Increased Cycle Stability of Dual Carbon Batteries By Using LiPF6 – LiTFSI Mixed Salt Electrolyte

Abstract

Rechargeable battery with large energy capacity as well as superior rate property is strongly required for electric vehicle and hybrid vehicle. Dual carbon battery which is expected as a post Li ion battery, is based on intercalation of anion and cation into graphitic carbon and advantages on cycle stability and high discharge potential (> 4 V). However, low coulomb efficiency by gas formation is the most serious issue for this battery. In this study, effects of mixing LiPF6-LiTFSI in dimethyl carbonate (DMC) for electrolyte of DCB were studied. For electrochemical measurements, graphitic carbon of KS6 (TIMCAL) and MAGD (Hitachi Kase) were used for the positive and negative electrode, respectively. For the charge/discharge investigations, a constant current rate of 0.5 mA cm−2 was applied for both charge and discharge steps, and the potential windows of 3.0 V to 5.2 V was used.

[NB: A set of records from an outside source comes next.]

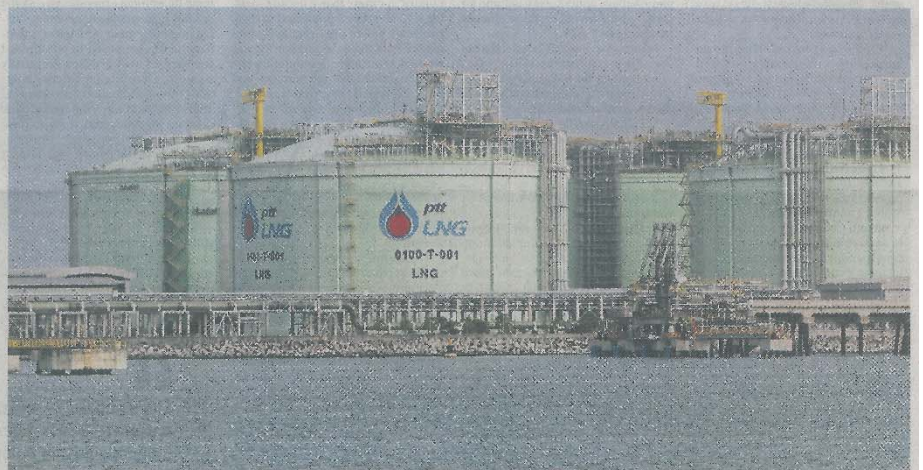
PTT's LNG receiving terminal in Map Ta Phut, Rayong. Egat's labour union is protesting the cancellation of an LNG purchase from Malaysia's Petronas.

Last Friday, Epac said the LNG spot price stood at US$4.5 per million British thermal units, while the gas price
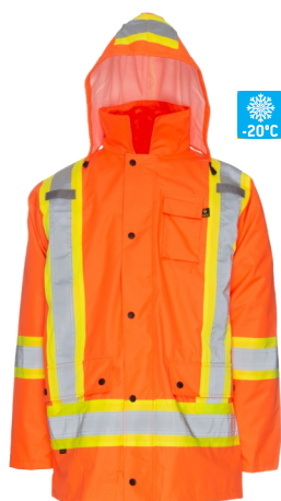
VMK775 Manteau 5 en 1
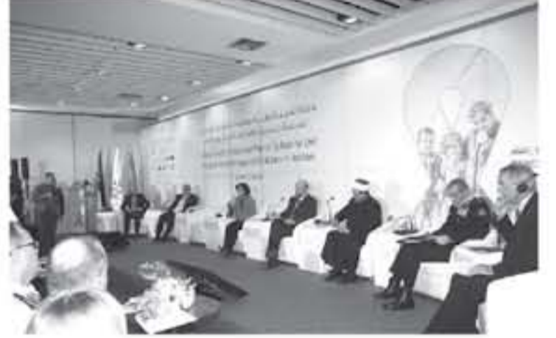
عنان - بترا

أطلق المجلس الوطني لحقوق الإنسان ومنظمة الأمم المتحدة للتربية والعلم والثقافة (يونسكو) بالتعاون مع الشركاء الحكوميين ومديرية الأمن العام والقطاع الخاص، اليوم الأربعاء، خطة عمل وطنية متعددة القطاعات لمدة ثلاث سنوات، تهدف للحد من العنف الجسدي الواقع على الأطفال بالعنف. ويهدف الخطة الى حظر العقاب البدني في جميع الأوساط وتحسين استخدامه إلى الحد من الضيق على الضحايا والفتيات في المنازل والمؤسسات من أجل ضمان حقوقهن الجسدية.
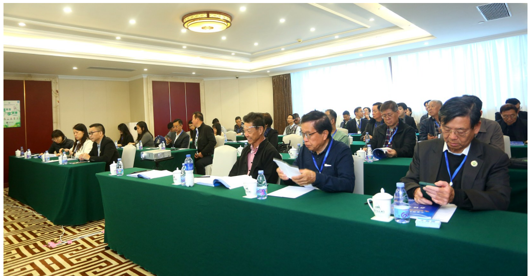
职业健康专场会场
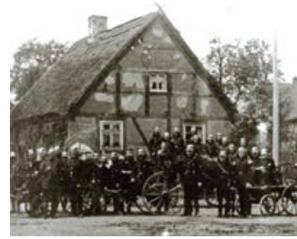
Feuerwehr Seddin am Kirchplatz in Seddin um 1924; das Haus im Hintergrund brannte in späteren Jahren ab

„Ich bin durch die Mark gezogen und habe sie reicher gefunden, als ich zu hoffen wagte“.
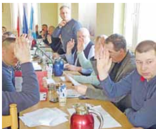
Radni przyjęli większością głosów uchwałę intencyjną ws. projektu dostosowania sieci szkół gminy Łowicz.

Co do jedynego w gminie Gimnazjum im. Janusza Korczaka, to gmina zaproponowała rozwiązanie polegające na jego włączeniu
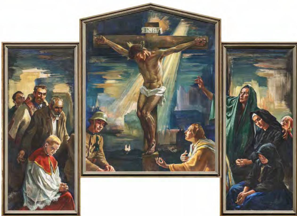
4. kép. Meilinger Dezső: Nagypéntek (1940, tempera, vászon, 230×373 cm, j. j. l.: Meilinger 940, Miskolc-mindszenti Római Katolikus Plébánia.)

Fig. 4. Dezső Meilinger: Good Friday (1940, tempera on canvas, 230×373 cm, signed lower right: Meilinger 940, Miskolc-Mindszent Roman Catholic Parish.)

LiPF6, LiTFSI and DMC of lithium battery grade (Kishida Chemical Co., Ltd., Japan) were used. The LiPF6-LiTFSI/DMC electrolyte was prepared by dissolving LiPF6, LiTFSI (battery grade) in DMC in a dry argon-filled glove box without further purification. Coin type cell was assembled in a glove box filled with a dry argon atmosphere. It was found that mixing LiPF6 and lithium bis(trifluoro methanesulfonyl)imide (LiTFSI) at 1:1 for a support salt was highly effective for increasing coulomb efficiency and cycle stability. When LiPF6-LiTFSI in DMC was used, the discharge capacity of 90 mAh/g-cathode was sustained over 300 cycles without almost no degradation. Coulomb efficiency higher than 98% was achieved after 10 cycles suggesting a decreased gas formation, and it was also found that corrosion of Al current corrector was prevented by using LiPF6-LiTFSI mixed salt. DFT calculation and NMR measurement suggests that the complex anion of (PF5-TFSI)- and F- was formed resulting in the increased stability of intercalated anion and preventing Al current collector corrosion. It was also suggested that PF5-TFSI anion shows fast diffusivity in graphitic carbon which is in good agreement with superior rate property.